Although I have no reason to deny HMRC’s use of their penalty powers in cases of non-compliance, it does not strike me overall as helpful for penalties to be issued at the earliest opportunity, especially when the case will require co-operation between the taxpayer and HMRC. A little flexibility would have been better and, in the long term, probably far more effective. My concern is particularly acute given the officer’s willingness to issue a penalty in part because he required a clarification of an answer given to him.
The provisions in Sch 36 have the effect of making it far easier than it was previously for HMRC officers (particularly the more junior ones) to seek information from taxpayers. In my experience, these powers are sometimes abused. For example, HMRC officers will often use these powers when they are not entitled to do so or seek information to which they are not entitled. It is only if a taxpayer is willing to risk the cost of standing up to HMRC that these excesses can ever be scrutinised.
A cynic might say that that is precisely HMRC’s approach. It is now official policy for HMRC to seek to maximise revenue rather than to focus on seeking that taxpayers pay the correct tax. In the same way, HMRC seem to take the attitude that, if they do not ask for information they might not get it. After all, so it seems, it is not HMRC’s fault if taxpayers are either unwilling to rock the boat or not savvy enough to know when a challenge might be appropriate.

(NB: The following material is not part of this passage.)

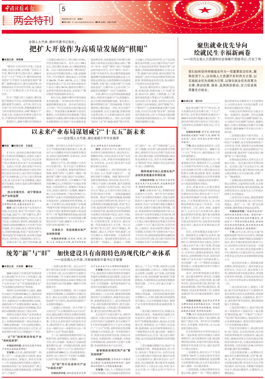 中国经济时报:在创新、项目、协同、人才、环境五个方面,咸宁如何系统发力、保障未来产业加快突破?

This is a worrying trend but consistent with HMRC’s attitudes elsewhere.
HMRC officers now regularly point to their statutory responsibilities for the ‘collection and management of revenue’. This phrase does sound far more ominous than the previous phrase ‘care and management’. However, what is often forgotten is that CRCA 2005 s 51(3) expressly provides that, notwithstanding the words actually used, the actual meaning of the phrase ‘collection and management’ is ‘care and management’.
It is about time that HMRC stop focusing only on collecting and start to care.